Nevertheless, Vidojkovic believes that after all the Facebook affair is a work of deluded kids and that a decent mode should be found to straighten them up:

“Kids have always been the victims, without any intention to justify any Nazi. Yet these kids need to be understood and brought back to their senses in some normal way. When I was young, I may have been worse than this.”

Speech hate or incitement of ethnic or religious is a crime around the Balkans, as in many other countries, but many national legislations have still not caught up with the pace of the web. In reaction to the affair, Serbian prosecution authorities said they did not have any mandate to pursue the issue as the legal possibility to prosecute for hate speech on the Internet did not yet exist.

Nevertheless, Serbs are not the only ones talking hatred on Facebook. At the time of writing this text a couple of groups by the name “Srbe na vrbe” [Serbs on Willows; a slang calling for hanging of Serbs], are still active on the site. One opens with the large slogan “Kill a Serb,” the other, which reports its office to be Jasenovac starts with the ghastly slogan “Imam noz od srebra, zaricu ga Srbinu u jedra” [I have a silver knife; I will stab it between a Serb's ribs]. The counter-organizations are also there. One is called “Close the group ‘Srbe na vrbe’” and it counts 5,588 members. There is also a smaller group called “Fuck the group ‘Srbe na vrbe’.”

Some of the chats and comments on these forums are nothing but blind rage and hatred and they are simply too graphic to convey. And indeed, only to state a fact and not debate its appropriateness, such talk would be a criminal offense if used in conventional media in any country in the Balkans.

Some of the comments sighed with the well known feeling of Serbian victimhood. Facebook shut down the Serb nationalists but not the anti-Serb ones, they went.

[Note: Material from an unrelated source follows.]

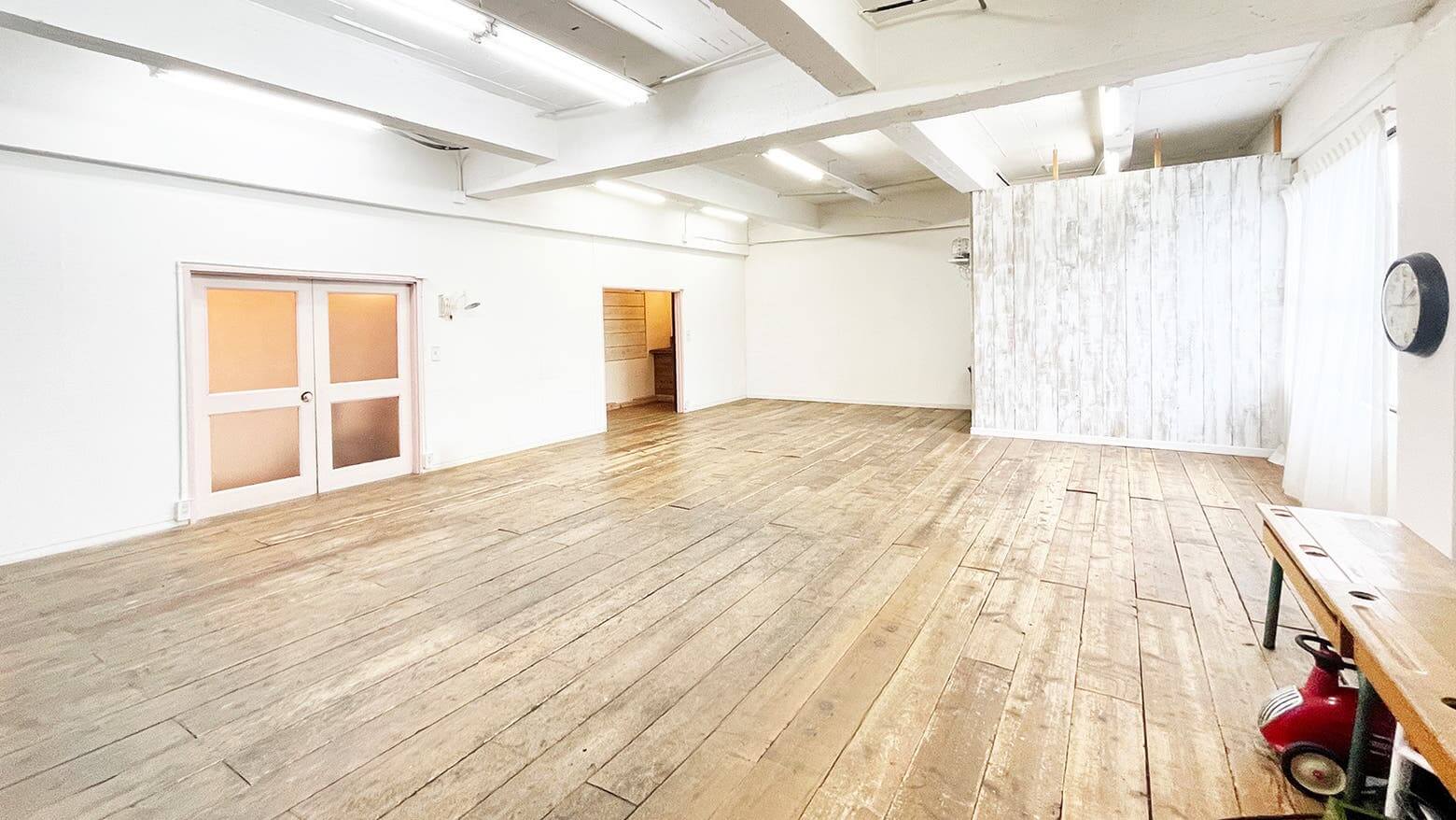 新宿エリアに位置する、3面の窓から差し込む豊富な自然光が特徴で、シャビーシックな雰囲気の明るいスタジオです。

That would likely be a messy affair – if Facebook was to monitor all such forums that is – and potentially open jobs for thousands of lawyers who should decide where to draw the line. Given national circumstances and sensitivities, what is a crime in one country, can be freely said in another one.

Obradovic says that the “Internet has opened an enormous space for freedom of speech, but it has not yet offered a solution concerning the responsibility for what is being said.” That much is true.